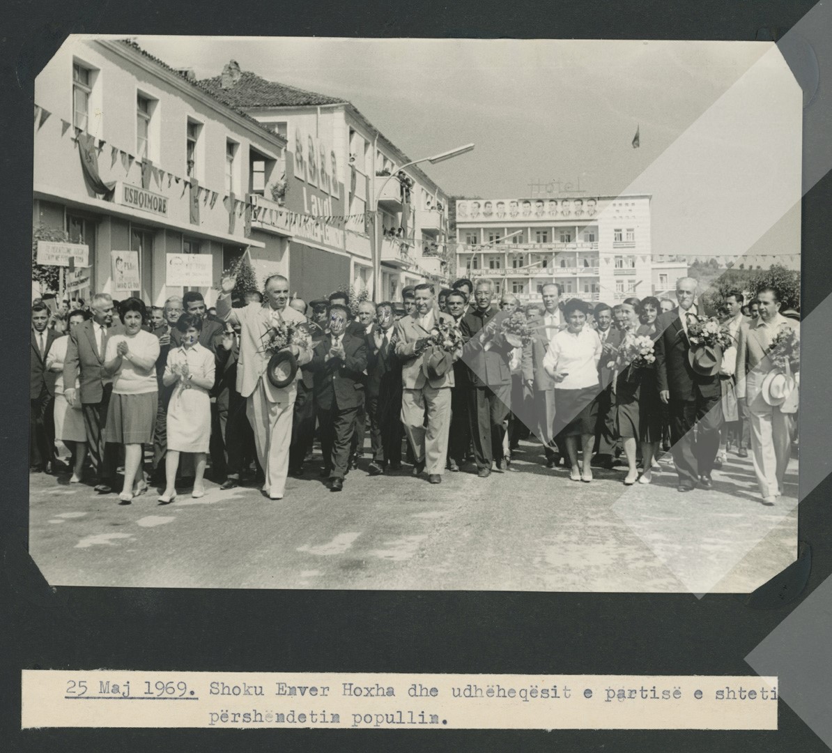 I panjohur, 1969 Duke përshëndetur popullin në përfundim të vizitës print në letër, 13 x 18 cm.
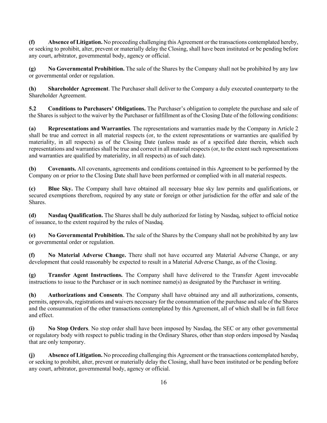 16 (f) Absence of Litigation. No proceeding challenging this Agreement or the transactions contemplated hereby, or seeking to prohibit, alter, prevent or materially delay the Closing, shall have been instituted or be pending before any court, arbitrator, governmental body, agency or official. (g) No Governmental Prohibition. The sale of the Shares by the Company shall not be prohibited by any law or governmental order or regulation. (h) Shareholder Agreement. The Purchaser shall deliver to the Company a duly executed counterparty to the Shareholder Agreement. 5.2 Conditions to Purchasers’ Obligations. The Purchaser’s obligation to complete the purchase and sale of the Shares is subject to the waiver by the Purchaser or fulfillment as of the Closing Date of the following conditions: (a) Representations and Warranties. The representations and warranties made by the Company in Article 2 shall be true and correct in all material respects (or, to the extent representations or warranties are qualified by materiality, in all respects) as of the Closing Date (unless made as of a specified date therein, which such representations and warranties shall be true and correct in all material respects (or, to the extent such representations and warranties are qualified by materiality, in all respects) as of such date). (b) Covenants. All covenants, agreements and conditions contained in this Agreement to be performed by the Company on or prior to the Closing Date shall have been performed or complied with in all material respects. (c) Blue Sky. The Company shall have obtained all necessary blue sky law permits and qualifications, or secured exemptions therefrom, required by any state or foreign or other jurisdiction for the offer and sale of the Shares. (d) Nasdaq Qualification. The Shares shall be duly authorized for listing by Nasdaq, subject to official notice of issuance, to the extent required by the rules of Nasdaq. (e) No Governmental Prohibition. The sale of the Shares by the Company shall not be prohibited by any law or governmental order or regulation. (f) No Material Adverse Change. There shall not have occurred any Material Adverse Change, or any development that could reasonably be expected to result in a Material Adverse Change, as of the Closing. (g) Transfer Agent Instructions. The Company shall have delivered to the Transfer Agent irrevocable instructions to issue to the Purchaser or in such nominee name(s) as designated by the Purchaser in writing. (h) Authorizations and Consents. The Company shall have obtained any and all authorizations, consents, permits, approvals, registrations and waivers necessary for the consummation of the purchase and sale of the Shares and the consummation of the other transactions contemplated by this Agreement, all of which shall be in full force and effect. (i) No Stop Orders. No stop order shall have been imposed by Nasdaq, the SEC or any other governmental or regulatory body with respect to public trading in the Ordinary Shares, other than stop orders imposed by Nasdaq that are only temporary. (j) Absence of Litigation. No proceeding challenging this Agreement or the transactions contemplated hereby, or seeking to prohibit, alter, prevent or materially delay the Closing, shall have been instituted or be pending before any court, arbitrator, governmental body, agency or official.
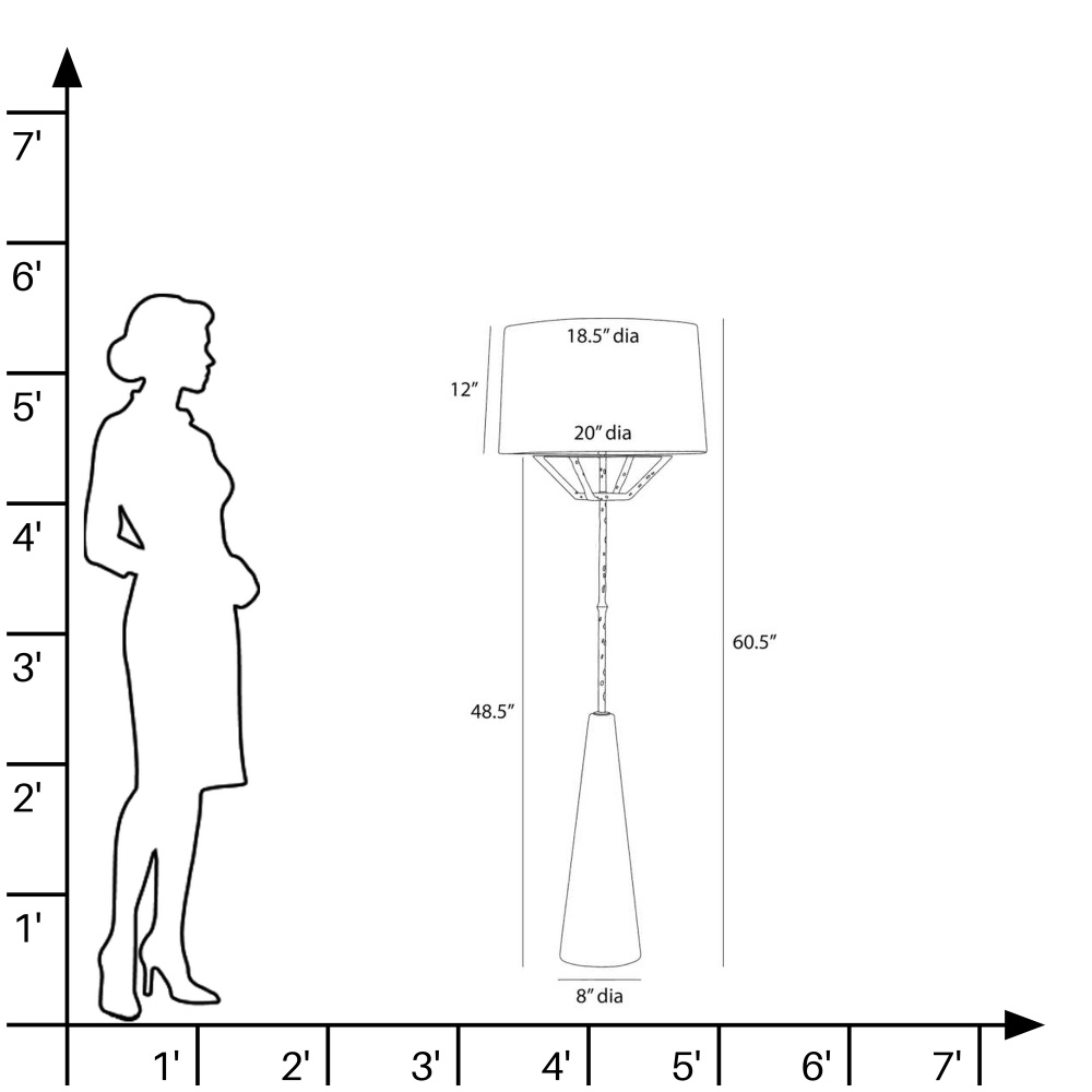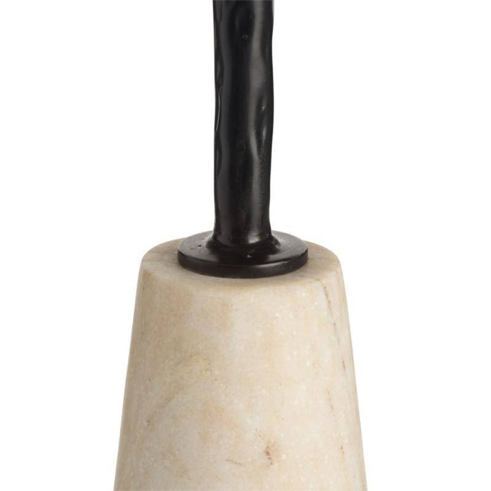 This forged natural iron and white marble floor lamp embodies innovative sculptural style. Extending from the conical base, natural iron arms appear to support the matching shade. Finish will vary.
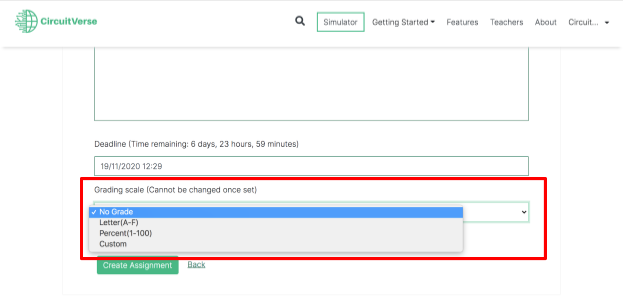 Choose a grading scale from the Grading scale drop-down menu as shown in Figure 2.24. Refer to Table 2.2 for a brief description of the different grading scales available within the CircuitVerse simulator.

^^^^^^^^^^^^^^^^

Task item :: Every line above should be repeated exactly; pictures stay out of the copy.

Worked solution ::
 I panjohur, 1969 Duke përshëndetur popullin në përfundim të vizitës print në letër, 13 x 18 cm.
 16 (f) Absence of Litigation. No proceeding challenging this Agreement or the transactions contemplated hereby, or seeking to prohibit, alter, prevent or materially delay the Closing, shall have been instituted or be pending before any court, arbitrator, governmental body, agency or official. (g) No Governmental Prohibition. The sale of the Shares by the Company shall not be prohibited by any law or governmental order or regulation. (h) Shareholder Agreement. The Purchaser shall deliver to the Company a duly executed counterparty to the Shareholder Agreement. 5.2 Conditions to Purchasers’ Obligations. The Purchaser’s obligation to complete the purchase and sale of the Shares is subject to the waiver by the Purchaser or fulfillment as of the Closing Date of the following conditions: (a) Representations and Warranties. The representations and warranties made by the Company in Article 2 shall be true and correct in all material respects (or, to the extent representations or warranties are qualified by materiality, in all respects) as of the Closing Date (unless made as of a specified date therein, which such representations and warranties shall be true and correct in all material respects (or, to the extent such representations and warranties are qualified by materiality, in all respects) as of such date). (b) Covenants. All covenants, agreements and conditions contained in this Agreement to be performed by the Company on or prior to the Closing Date shall have been performed or complied with in all material respects. (c) Blue Sky. The Company shall have obtained all necessary blue sky law permits and qualifications, or secured exemptions therefrom, required by any state or foreign or other jurisdiction for the offer and sale of the Shares. (d) Nasdaq Qualification. The Shares shall be duly authorized for listing by Nasdaq, subject to official notice of issuance, to the extent required by the rules of Nasdaq. (e) No Governmental Prohibition. The sale of the Shares by the Company shall not be prohibited by any law or governmental order or regulation. (f) No Material Adverse Change. There shall not have occurred any Material Adverse Change, or any development that could reasonably be expected to result in a Material Adverse Change, as of the Closing. (g) Transfer Agent Instructions. The Company shall have delivered to the Transfer Agent irrevocable instructions to issue to the Purchaser or in such nominee name(s) as designated by the Purchaser in writing. (h) Authorizations and Consents. The Company shall have obtained any and all authorizations, consents, permits, approvals, registrations and waivers necessary for the consummation of the purchase and sale of the Shares and the consummation of the other transactions contemplated by this Agreement, all of which shall be in full force and effect. (i) No Stop Orders. No stop order shall have been imposed by Nasdaq, the SEC or any other governmental or regulatory body with respect to public trading in the Ordinary Shares, other than stop orders imposed by Nasdaq that are only temporary. (j) Absence of Litigation. No proceeding challenging this Agreement or the transactions contemplated hereby, or seeking to prohibit, alter, prevent or materially delay the Closing, shall have been instituted or be pending before any court, arbitrator, governmental body, agency or official.
 This forged natural iron and white marble floor lamp embodies innovative sculptural style. Extending from the conical base, natural iron arms appear to support the matching shade. Finish will vary.
 Choose a grading scale from the Grading scale drop-down menu as shown in Figure 2.24. Refer to Table 2.2 for a brief description of the different grading scales available within the CircuitVerse simulator.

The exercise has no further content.